- _Dataset content_
========================================================================

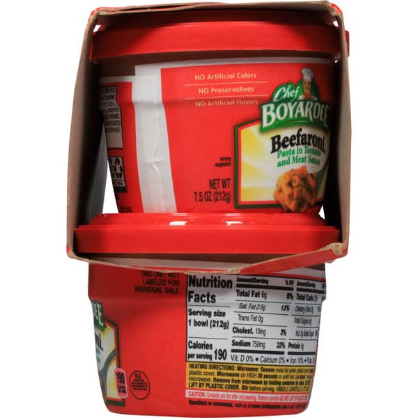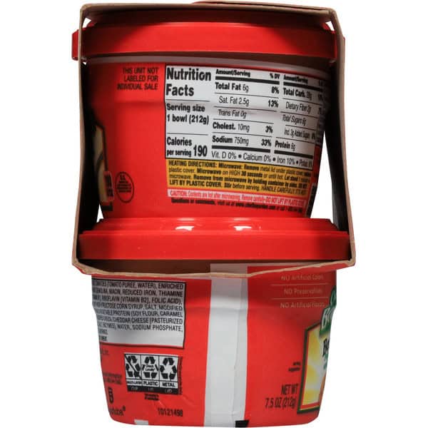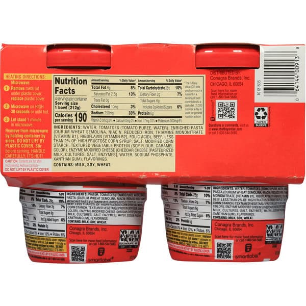Water, Tomatoes (tomato Puree, Water), Enriched Pasta (durum Wheat Semolina, Niacin, Reduced Iron, Thiamine Mononitrate [vitamin B1], Riboflavin [vitamin B2], Folic Acid), Beef, Less Than 2% Of High Fructose Corn Syrup, Salt, Modified Corn Starch, Textured Vegetable Protein (soy Flour, Caramel Color), Enzyme Modified Cheese (cheddar Cheese [pasteurized Milk, Cultures, Salt, Enzymes], Water, Sodium Phosphate, Xanthan Gum), Flavorings
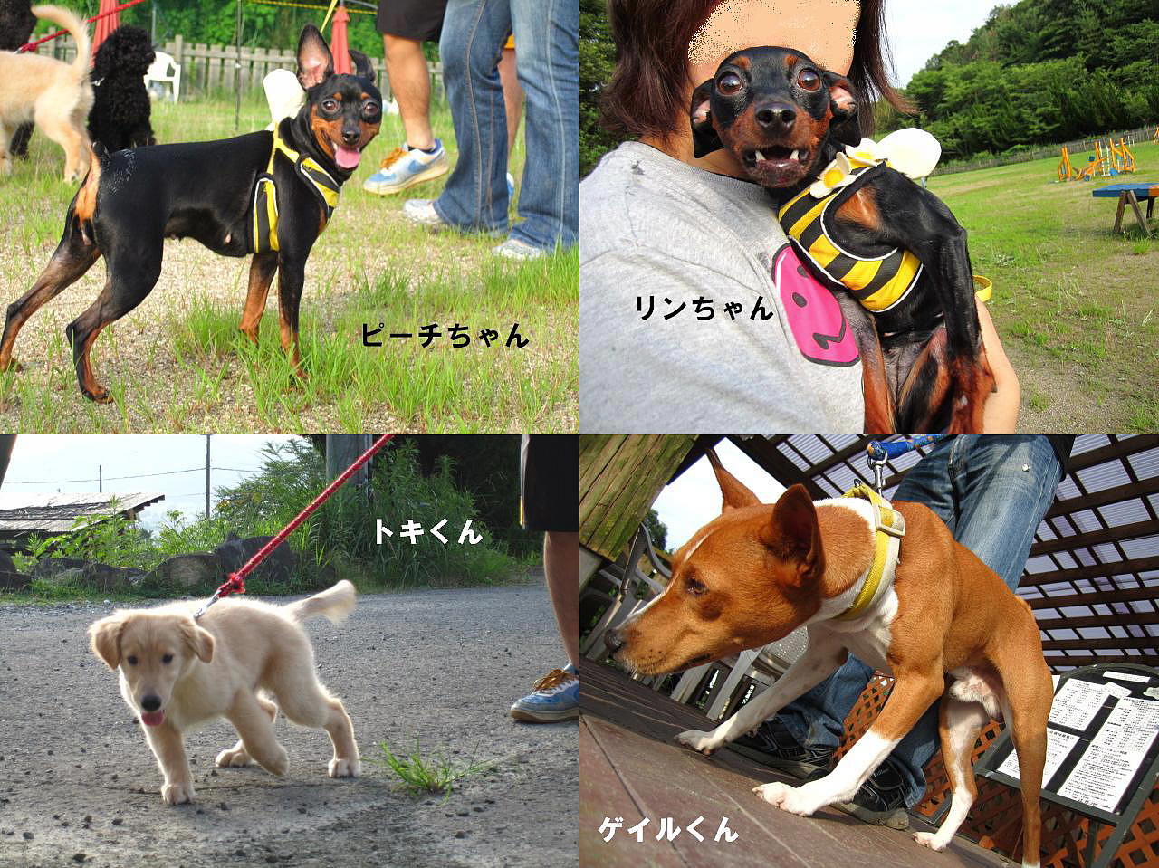 ミニチュアピンシャーのピーチちゃん&リンちゃん&ゴールデンのトキくん3ヶ月
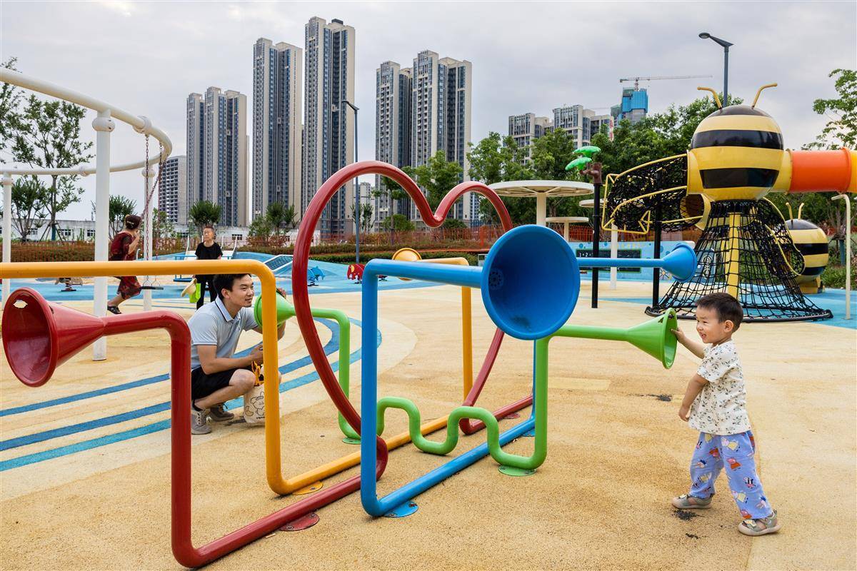 在武汉的岱山村游园,一对父子在儿童游乐园的传声筒装置前玩耍。(湖北日报全媒记者 任勇 摄)

========================================================================

- _Exercise_
Go to the line containing "ミニチュアピンシャーのピーチちゃん&リンちゃん&ゴールデンのトキくん3ヶ月", then write out word for word every line from there to the end of the listing. Keep both end lines and drop the pictures.

- _Exercise response_
 ミニチュアピンシャーのピーチちゃん&リンちゃん&ゴールデンのトキくん3ヶ月
 在武汉的岱山村游园,一对父子在儿童游乐园的传声筒装置前玩耍。(湖北日报全媒记者 任勇 摄)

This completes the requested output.